- About this task
What is wanted is every line below from the one with "CO239 Collar Conchitas" up to and including the one with "大きな被害をもたらした台風2", retyped exactly, pictures excluded, nothing else.

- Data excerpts
⟨

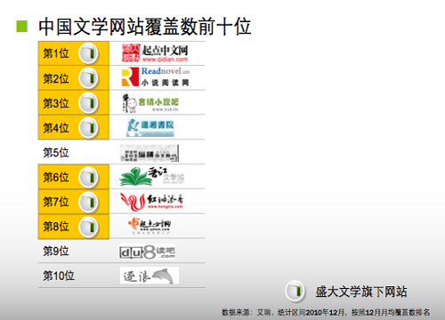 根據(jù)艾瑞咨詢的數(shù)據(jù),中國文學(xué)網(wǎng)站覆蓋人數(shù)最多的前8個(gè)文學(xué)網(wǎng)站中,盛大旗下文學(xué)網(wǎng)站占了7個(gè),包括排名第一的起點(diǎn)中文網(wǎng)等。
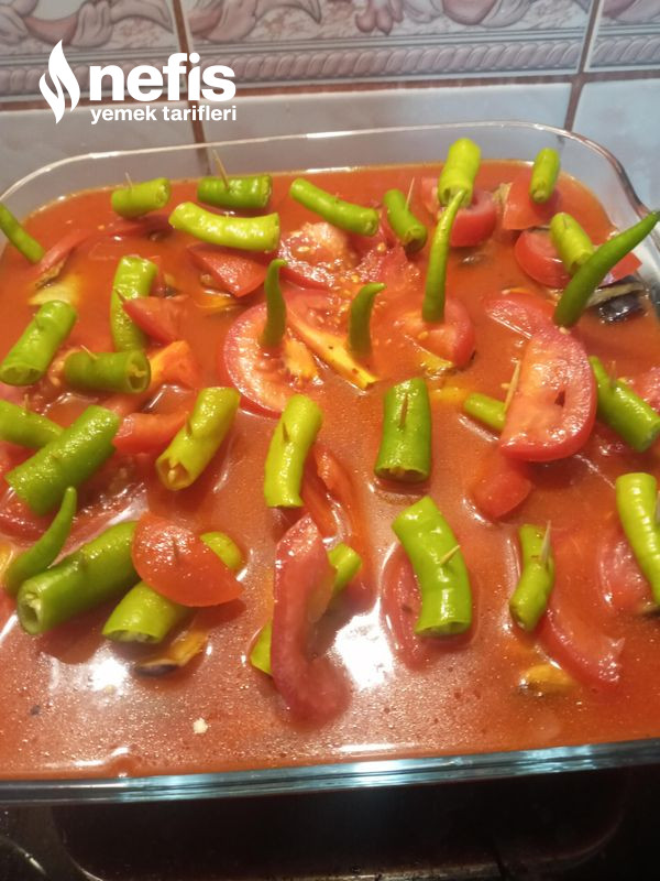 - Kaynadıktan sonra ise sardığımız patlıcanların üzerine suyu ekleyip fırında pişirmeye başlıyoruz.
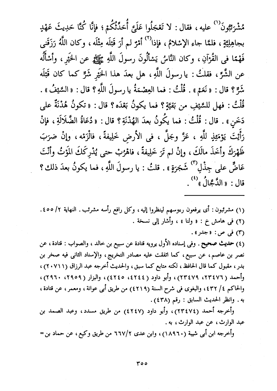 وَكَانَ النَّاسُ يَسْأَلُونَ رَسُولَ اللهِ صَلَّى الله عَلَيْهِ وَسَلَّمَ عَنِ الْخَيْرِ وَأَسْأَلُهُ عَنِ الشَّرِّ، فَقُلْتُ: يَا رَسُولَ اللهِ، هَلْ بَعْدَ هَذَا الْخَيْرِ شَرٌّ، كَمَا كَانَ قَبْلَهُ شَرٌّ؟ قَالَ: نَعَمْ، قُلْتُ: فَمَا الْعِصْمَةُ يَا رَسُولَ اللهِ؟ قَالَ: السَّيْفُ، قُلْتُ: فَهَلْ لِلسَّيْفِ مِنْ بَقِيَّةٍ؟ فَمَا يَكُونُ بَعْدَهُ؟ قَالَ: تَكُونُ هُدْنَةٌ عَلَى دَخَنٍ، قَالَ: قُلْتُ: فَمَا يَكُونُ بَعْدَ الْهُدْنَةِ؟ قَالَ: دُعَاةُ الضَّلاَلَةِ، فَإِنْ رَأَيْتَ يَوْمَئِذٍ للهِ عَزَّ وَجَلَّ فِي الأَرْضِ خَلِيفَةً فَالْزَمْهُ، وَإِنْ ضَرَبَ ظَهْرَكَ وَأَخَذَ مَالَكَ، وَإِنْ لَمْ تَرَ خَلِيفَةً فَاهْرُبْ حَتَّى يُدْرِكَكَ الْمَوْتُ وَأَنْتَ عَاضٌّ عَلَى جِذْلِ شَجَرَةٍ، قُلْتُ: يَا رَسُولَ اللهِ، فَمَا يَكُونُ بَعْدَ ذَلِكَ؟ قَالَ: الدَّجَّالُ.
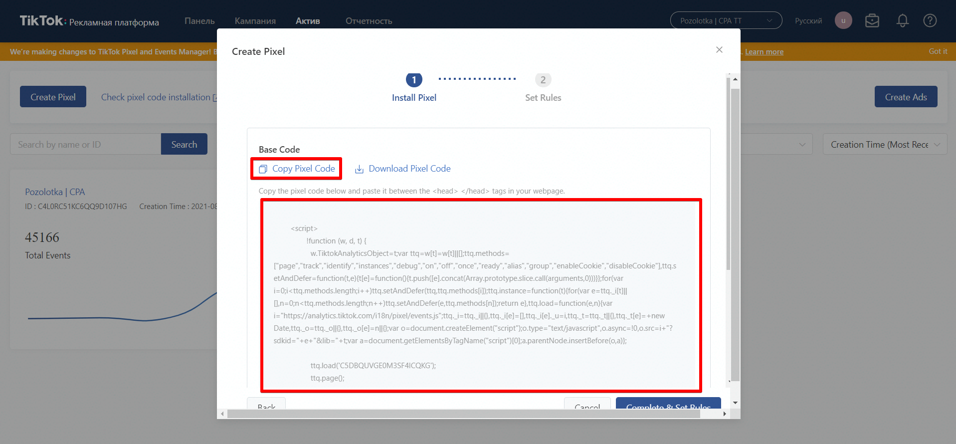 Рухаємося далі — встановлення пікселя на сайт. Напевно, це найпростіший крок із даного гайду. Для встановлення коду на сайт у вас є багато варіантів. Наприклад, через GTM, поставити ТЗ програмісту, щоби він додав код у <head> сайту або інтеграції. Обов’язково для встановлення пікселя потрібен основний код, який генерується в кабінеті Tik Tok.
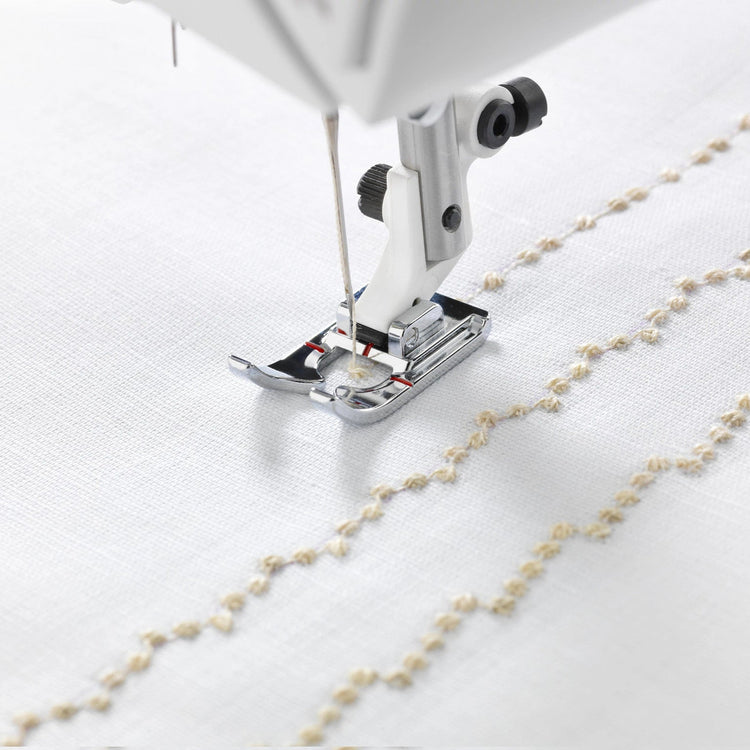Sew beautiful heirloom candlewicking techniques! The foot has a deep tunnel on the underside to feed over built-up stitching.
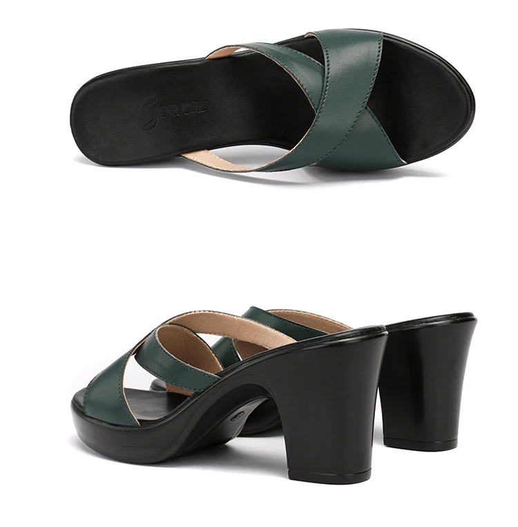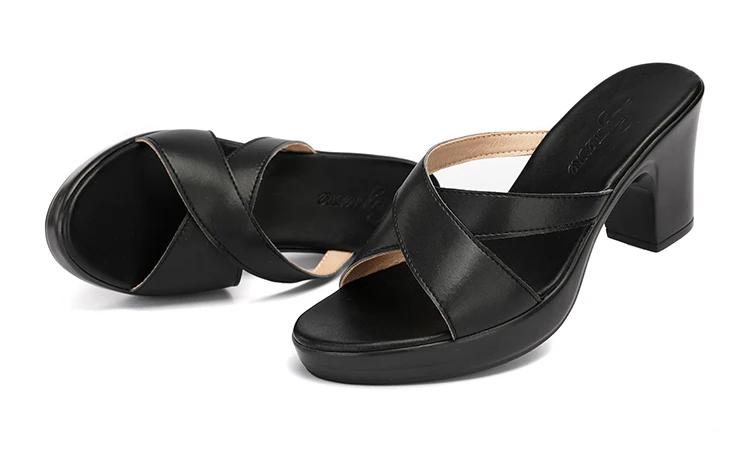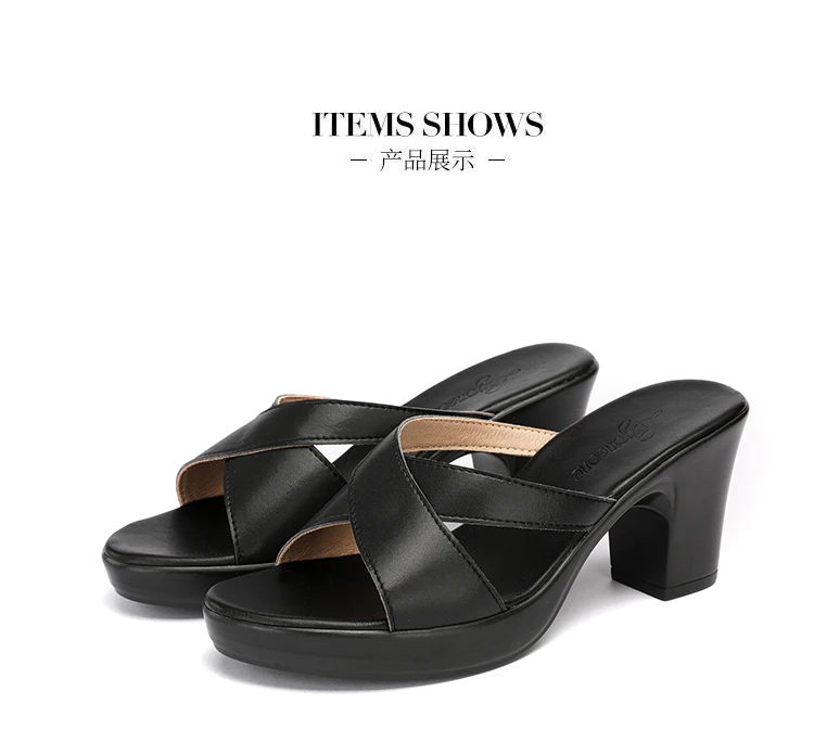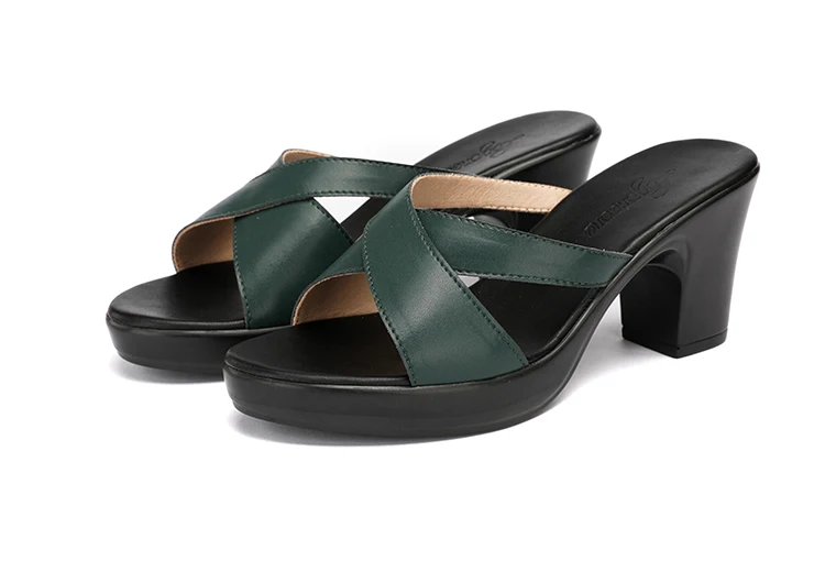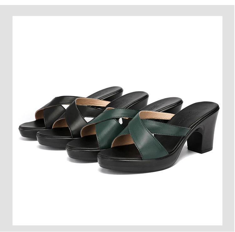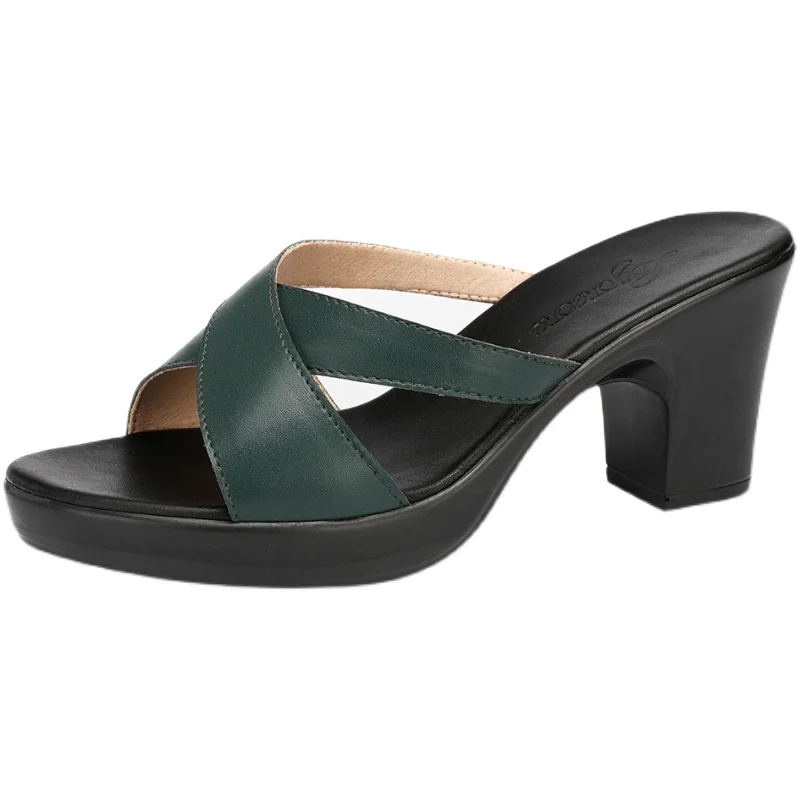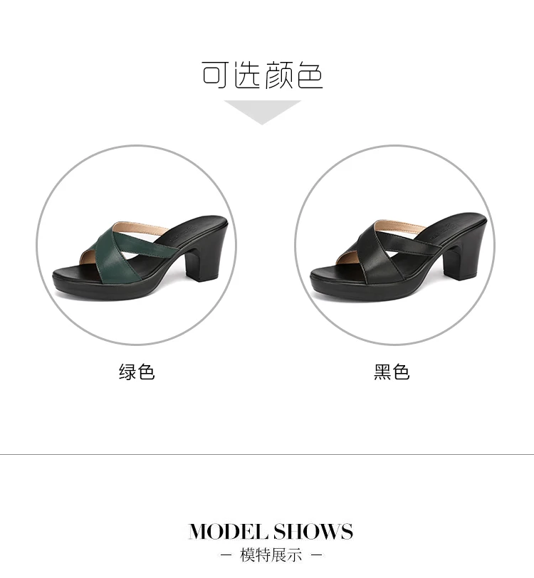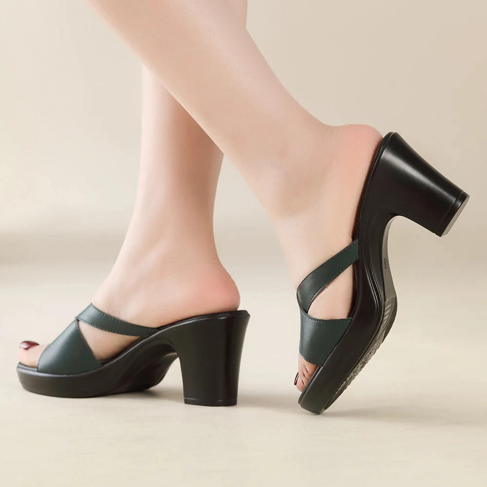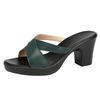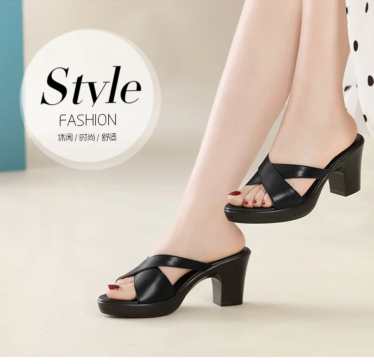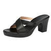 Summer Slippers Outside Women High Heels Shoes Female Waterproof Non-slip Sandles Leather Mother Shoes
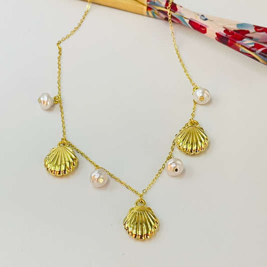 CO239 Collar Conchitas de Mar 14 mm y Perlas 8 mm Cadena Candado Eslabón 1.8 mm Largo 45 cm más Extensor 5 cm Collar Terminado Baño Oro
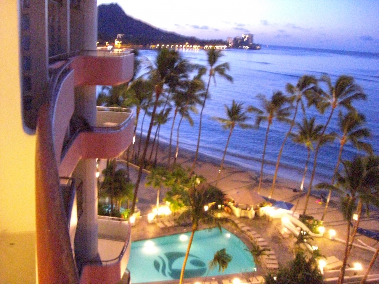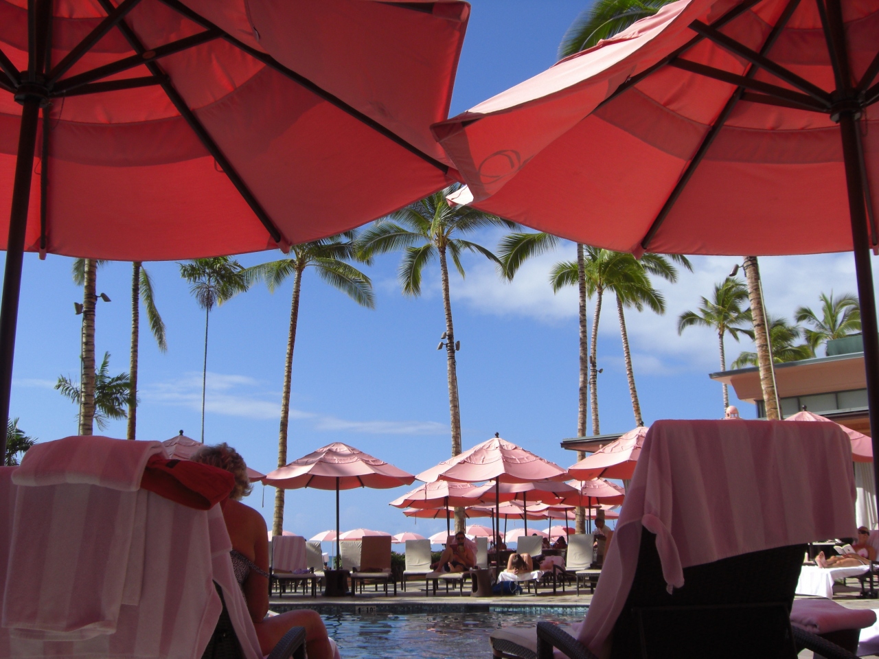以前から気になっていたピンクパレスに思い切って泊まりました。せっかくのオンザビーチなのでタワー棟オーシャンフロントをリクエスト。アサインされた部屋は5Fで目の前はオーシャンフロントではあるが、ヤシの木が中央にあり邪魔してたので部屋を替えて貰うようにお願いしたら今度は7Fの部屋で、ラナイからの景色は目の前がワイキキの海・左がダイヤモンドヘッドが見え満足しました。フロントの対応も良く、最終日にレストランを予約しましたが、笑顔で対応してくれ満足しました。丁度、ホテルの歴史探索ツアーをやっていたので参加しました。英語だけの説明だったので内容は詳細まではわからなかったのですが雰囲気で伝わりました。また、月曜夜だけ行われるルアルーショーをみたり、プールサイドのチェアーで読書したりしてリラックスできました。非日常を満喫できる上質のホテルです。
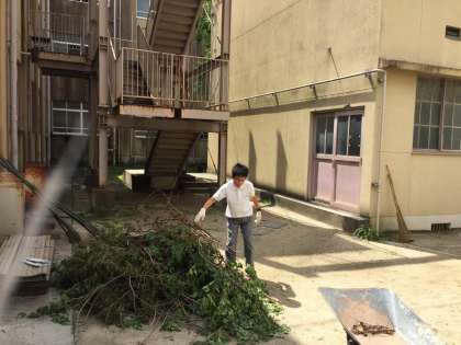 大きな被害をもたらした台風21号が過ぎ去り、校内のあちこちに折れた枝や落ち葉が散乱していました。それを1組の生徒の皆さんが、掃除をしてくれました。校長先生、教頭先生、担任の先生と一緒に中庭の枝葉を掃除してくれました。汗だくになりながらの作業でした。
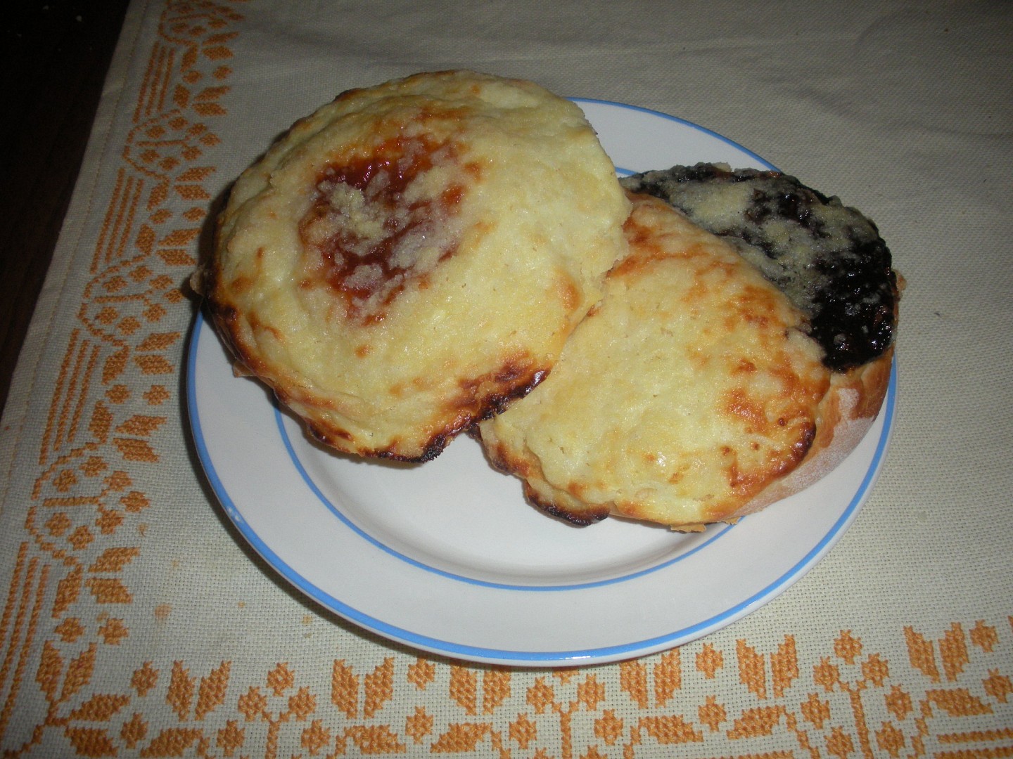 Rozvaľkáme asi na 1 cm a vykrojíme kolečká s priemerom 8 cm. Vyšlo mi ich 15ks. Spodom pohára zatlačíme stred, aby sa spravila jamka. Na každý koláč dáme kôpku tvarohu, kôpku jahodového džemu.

⟩

- Answer space
 CO239 Collar Conchitas de Mar 14 mm y Perlas 8 mm Cadena Candado Eslabón 1.8 mm Largo 45 cm más Extensor 5 cm Collar Terminado Baño Oro
以前から気になっていたピンクパレスに思い切って泊まりました。せっかくのオンザビーチなのでタワー棟オーシャンフロントをリクエスト。アサインされた部屋は5Fで目の前はオーシャンフロントではあるが、ヤシの木が中央にあり邪魔してたので部屋を替えて貰うようにお願いしたら今度は7Fの部屋で、ラナイからの景色は目の前がワイキキの海・左がダイヤモンドヘッドが見え満足しました。フロントの対応も良く、最終日にレストランを予約しましたが、笑顔で対応してくれ満足しました。丁度、ホテルの歴史探索ツアーをやっていたので参加しました。英語だけの説明だったので内容は詳細まではわからなかったのですが雰囲気で伝わりました。また、月曜夜だけ行われるルアルーショーをみたり、プールサイドのチェアーで読書したりしてリラックスできました。非日常を満喫できる上質のホテルです。
 大きな被害をもたらした台風21号が過ぎ去り、校内のあちこちに折れた枝や落ち葉が散乱していました。それを1組の生徒の皆さんが、掃除をしてくれました。校長先生、教頭先生、担任の先生と一緒に中庭の枝葉を掃除してくれました。汗だくになりながらの作業でした。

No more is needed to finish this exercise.